Task objective:
Please restate all of the records word for word, setting the pictures aside.

>>>>

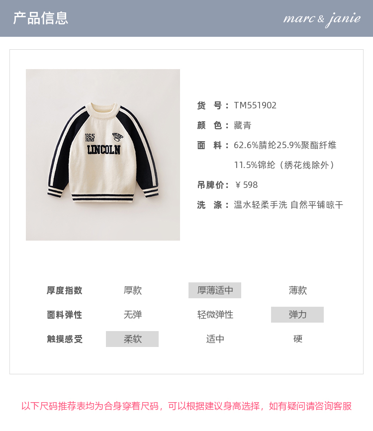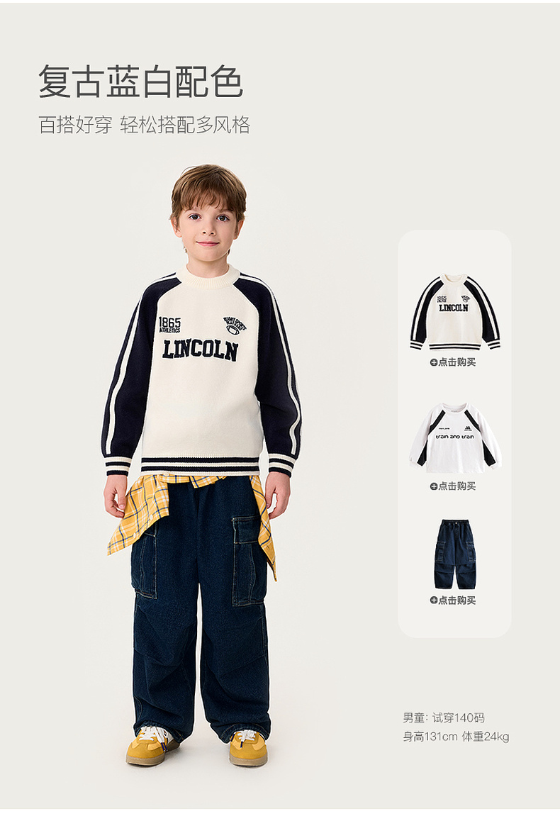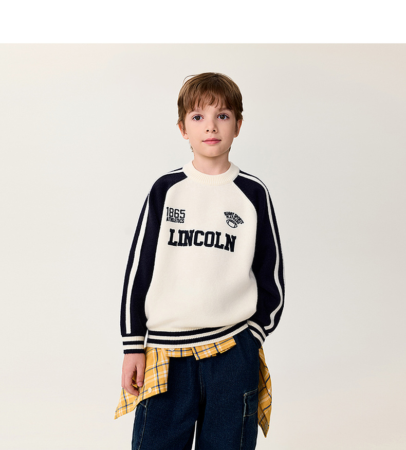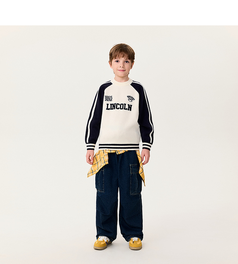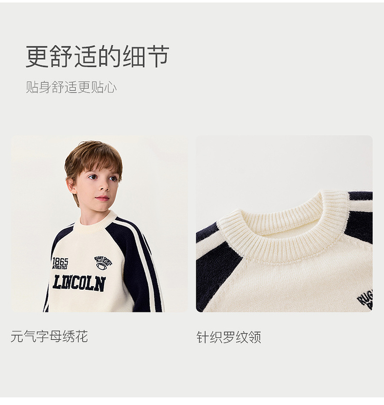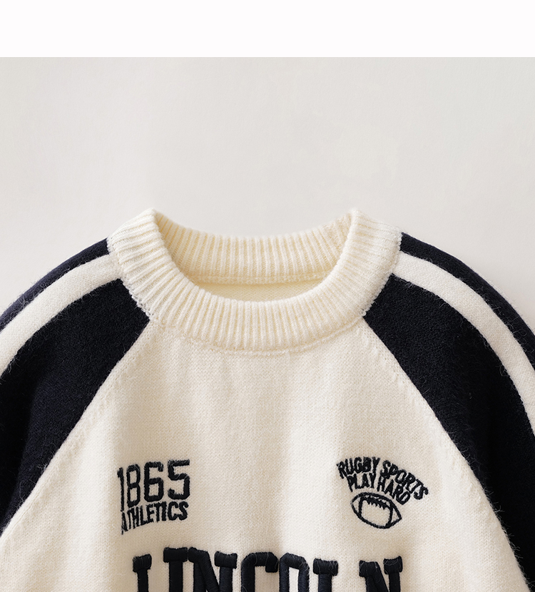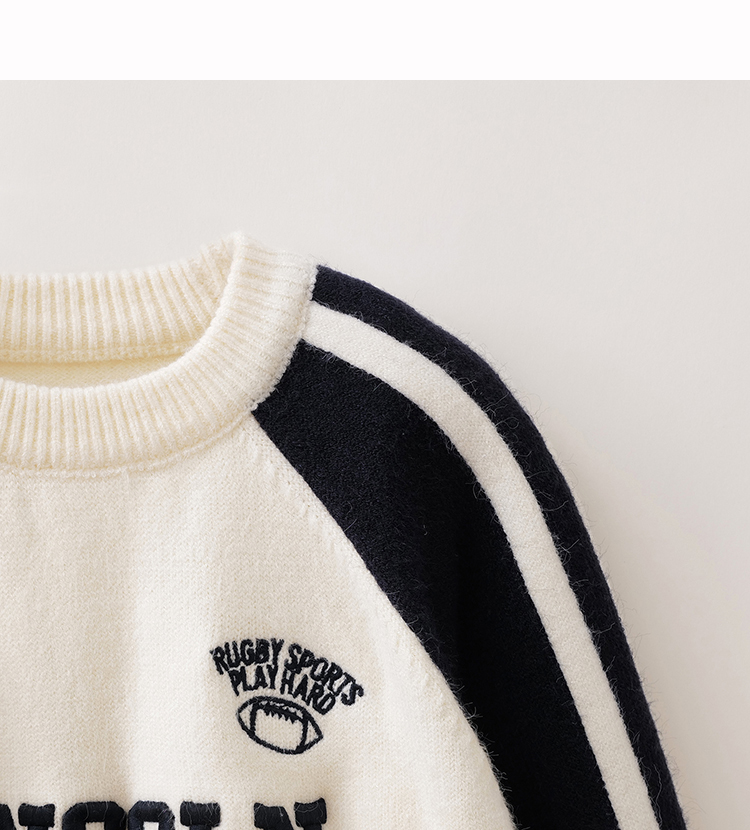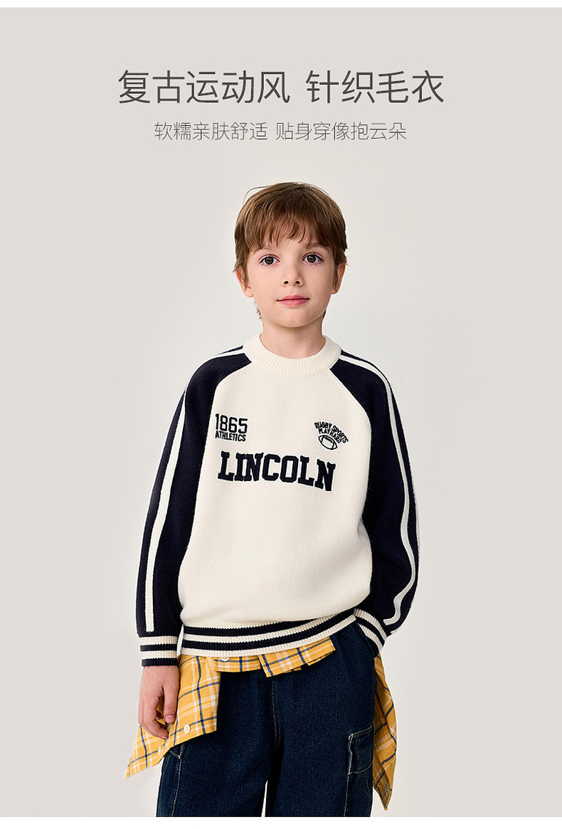 马克珍妮男童复古运动风软糯针织衫2025年冬装新款551902
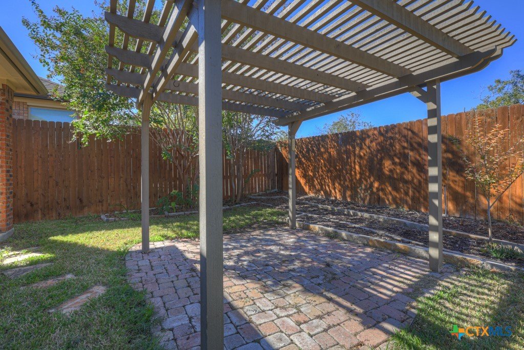 Check out our new pictures! REDUCED. *** Foundation work completed with transferable warranty. *** Beautifully maintained, controlled (gated) access garden home with lovely backyard has 3 bedrooms, 2 baths plus an office with french doors giving you ample space for all your needs. Open living, kitchen and dining makes entertaining fun. Enjoy sitting on your back porch while you enjoy your lush backyard and butterfly gardens. Close to schools, shopping and restaurants. HEB and Walmart are just down the street. Easy access to Hwy 35. **Moveable shelves in garage are excluded.
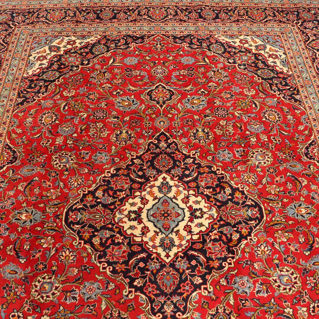 – Historic Origin: Originating from Kashan, Iran, this large room size Persian Kashan rug holds a rich history dating back to the 17th century.
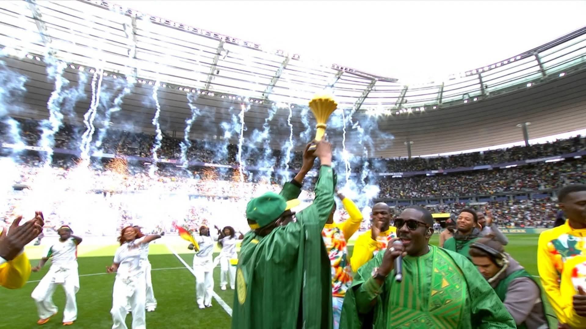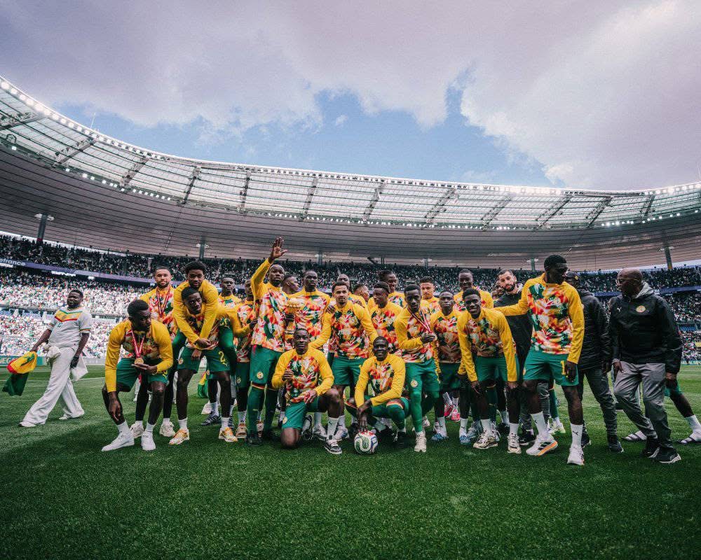 Regardez ces images, vibrantes et solennelles à la fois. Dans l’enceinte mythique du Stade de France, la Équipe du Sénégal de football ne s’est pas contentée de célébrer une victoire : elle a mis en scène un moment d’histoire, chargé d’émotion, de fierté et de défi. Les visages rayonnants, le trophée brandi, les deux étoiles scintillant sur le maillot… chaque image raconte bien plus qu’un simple succès sportif.
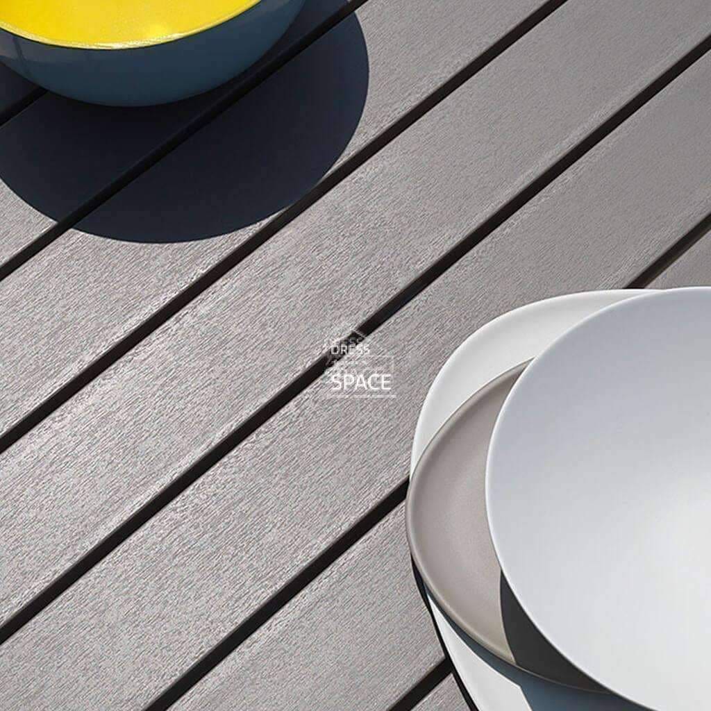 The new Brooklyn Dining Setting from Dress Your Space is a modern outdoor furniture setting that brings a look of sleek and sophistication to your outdoor living space.
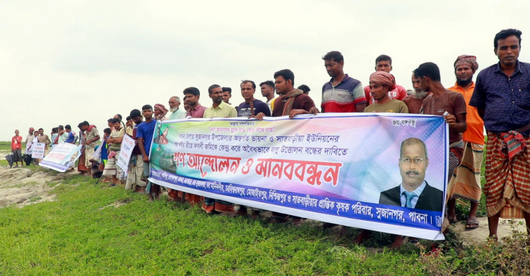 মানববন্ধনে ভুক্তভুগী কৃষকরা অভিযোগ করে বলেন, সুজানগর উপজেলার ভায়না, লক্ষ্মীপুর, চলদা, চরতারাপুর, চরমানিকদীর, চরবিশ্বনাথপুরে একটি প্রভাবশালী মহল ইজারা নিয়ে পদ্মা নদীর বিভিন্ন জায়গা থেকে অপরিকল্পিতভাবে ড্রেজার দিয়ে বালু কেটে নেয়ার ফলে শত শত বিঘা আবাদি জমি ঝুঁকির মুখে পড়েছে। দুই ফসলি জমিতে পাট, ধান, বাদাম, তিল, ভুট্টা, পেঁয়াজ, রসুন, ছোলাসহ বিভিন্ন ফসল আবাদ হয়। সাধারণ কৃষকরা জীবিকা নির্বাহ করে এসব চরের জমি দিয়ে।
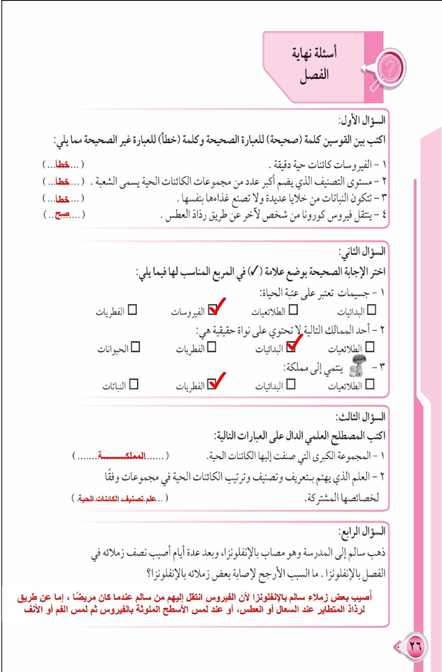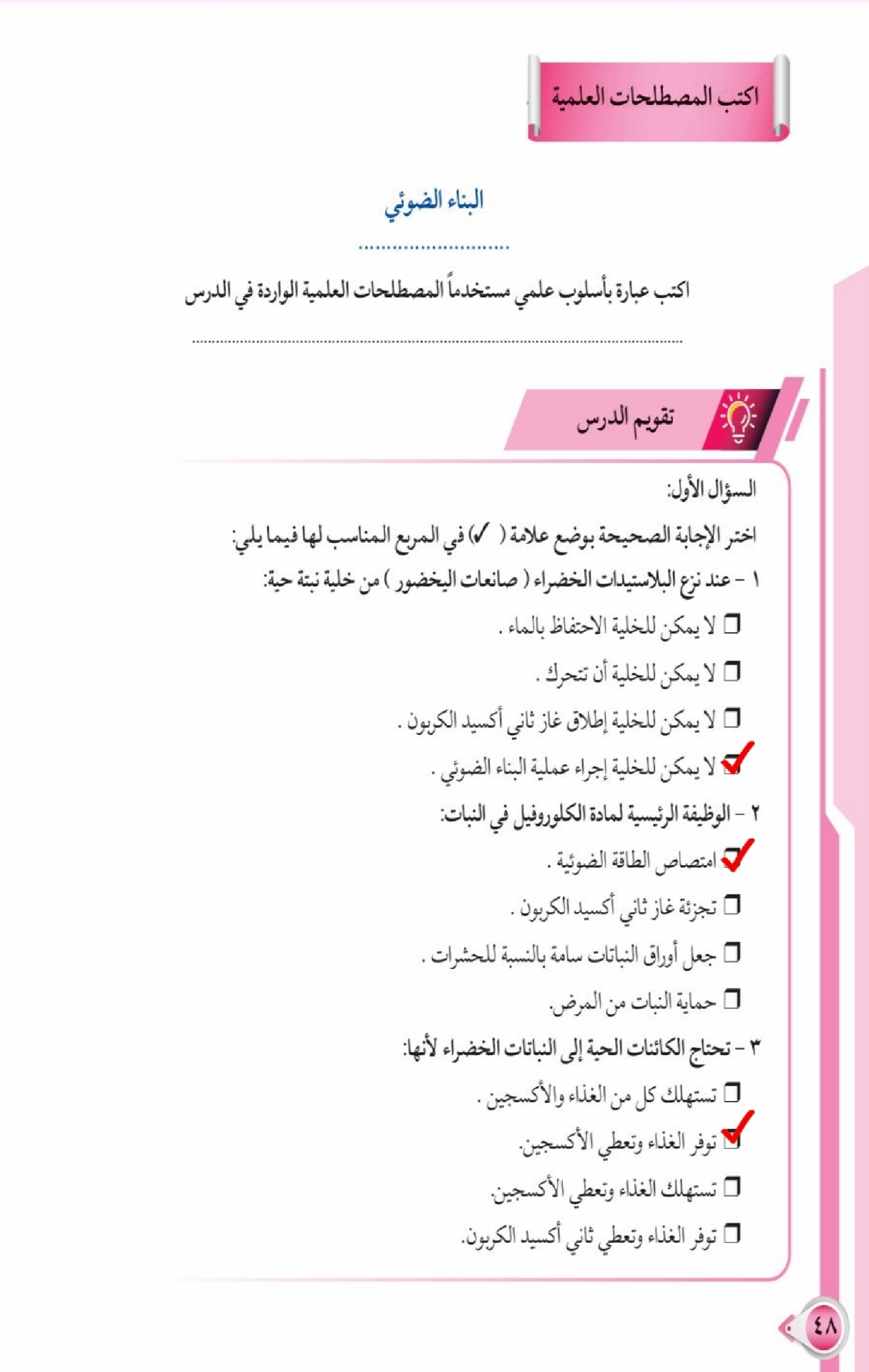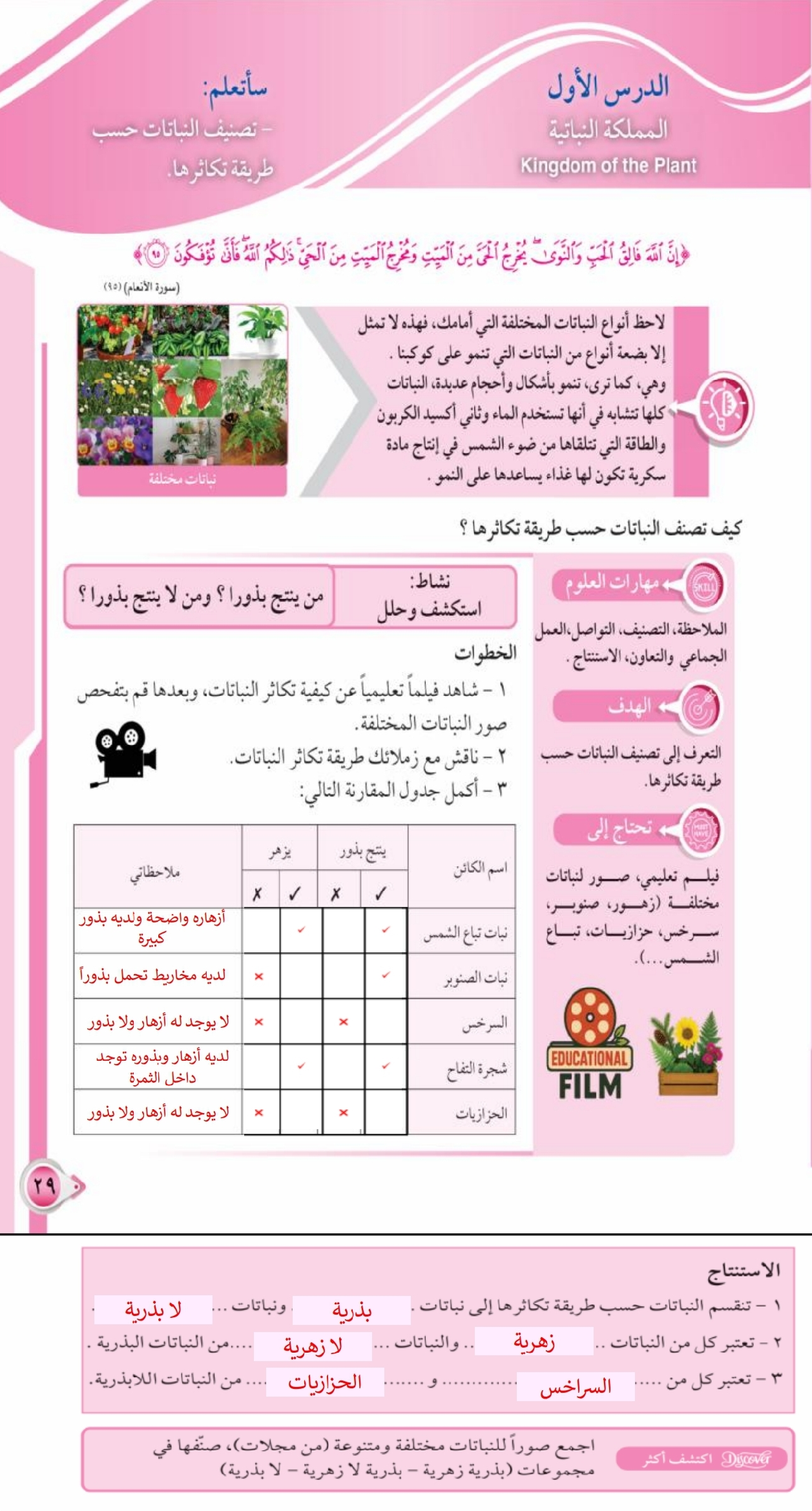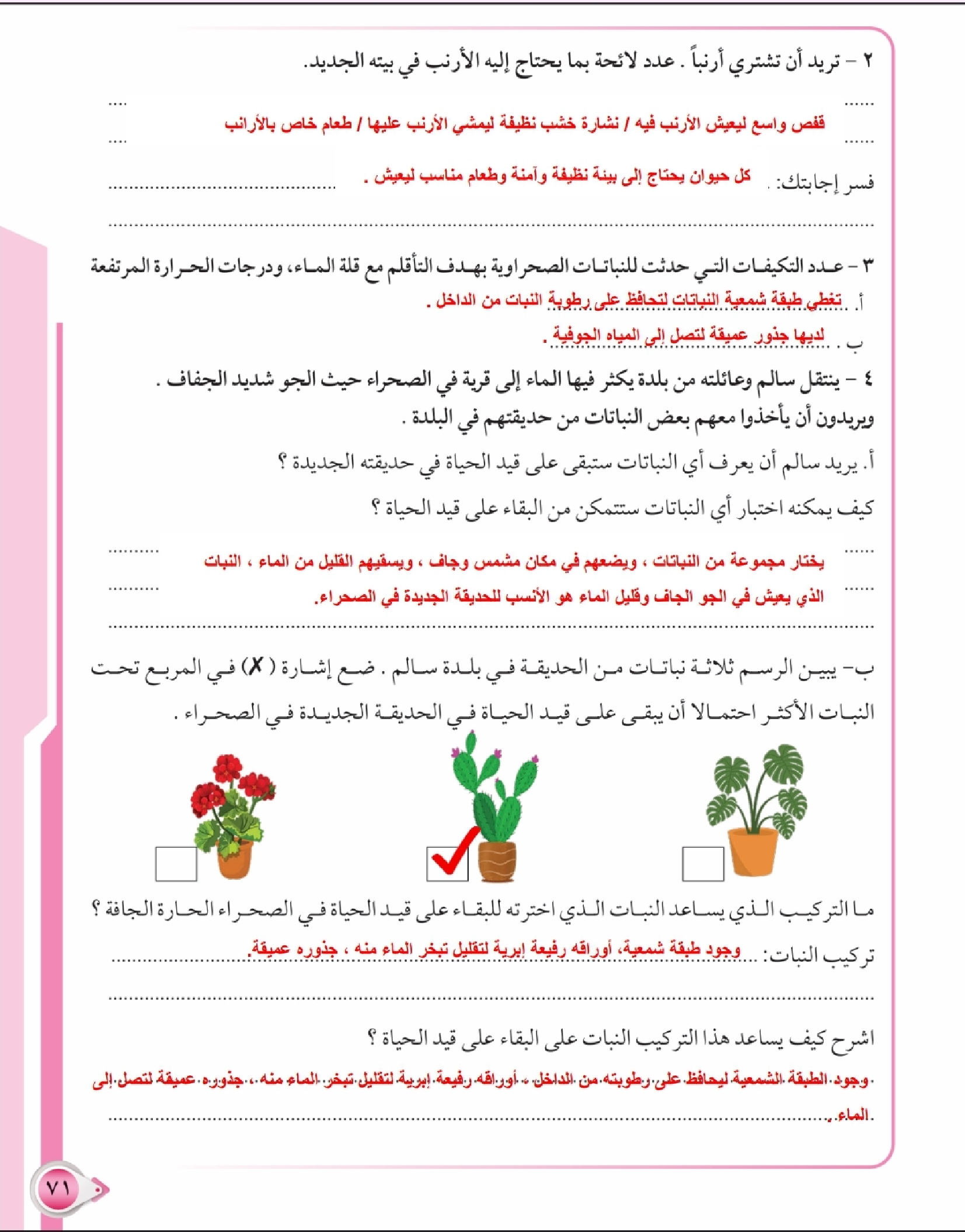 أسئلة نهاية فصل رحلة في مملكة النباتات
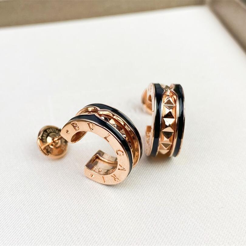 BGE027 3 motifs onyx Divas dream earrings rose gold

<<<<

Reply:
 马克珍妮男童复古运动风软糯针织衫2025年冬装新款551902
 Check out our new pictures! REDUCED. *** Foundation work completed with transferable warranty. *** Beautifully maintained, controlled (gated) access garden home with lovely backyard has 3 bedrooms, 2 baths plus an office with french doors giving you ample space for all your needs. Open living, kitchen and dining makes entertaining fun. Enjoy sitting on your back porch while you enjoy your lush backyard and butterfly gardens. Close to schools, shopping and restaurants. HEB and Walmart are just down the street. Easy access to Hwy 35. **Moveable shelves in garage are excluded.
 – Historic Origin: Originating from Kashan, Iran, this large room size Persian Kashan rug holds a rich history dating back to the 17th century.
 Regardez ces images, vibrantes et solennelles à la fois. Dans l’enceinte mythique du Stade de France, la Équipe du Sénégal de football ne s’est pas contentée de célébrer une victoire : elle a mis en scène un moment d’histoire, chargé d’émotion, de fierté et de défi. Les visages rayonnants, le trophée brandi, les deux étoiles scintillant sur le maillot… chaque image raconte bien plus qu’un simple succès sportif.
 The new Brooklyn Dining Setting from Dress Your Space is a modern outdoor furniture setting that brings a look of sleek and sophistication to your outdoor living space.
 মানববন্ধনে ভুক্তভুগী কৃষকরা অভিযোগ করে বলেন, সুজানগর উপজেলার ভায়না, লক্ষ্মীপুর, চলদা, চরতারাপুর, চরমানিকদীর, চরবিশ্বনাথপুরে একটি প্রভাবশালী মহল ইজারা নিয়ে পদ্মা নদীর বিভিন্ন জায়গা থেকে অপরিকল্পিতভাবে ড্রেজার দিয়ে বালু কেটে নেয়ার ফলে শত শত বিঘা আবাদি জমি ঝুঁকির মুখে পড়েছে। দুই ফসলি জমিতে পাট, ধান, বাদাম, তিল, ভুট্টা, পেঁয়াজ, রসুন, ছোলাসহ বিভিন্ন ফসল আবাদ হয়। সাধারণ কৃষকরা জীবিকা নির্বাহ করে এসব চরের জমি দিয়ে।
 أسئلة نهاية فصل رحلة في مملكة النباتات
 BGE027 3 motifs onyx Divas dream earrings rose gold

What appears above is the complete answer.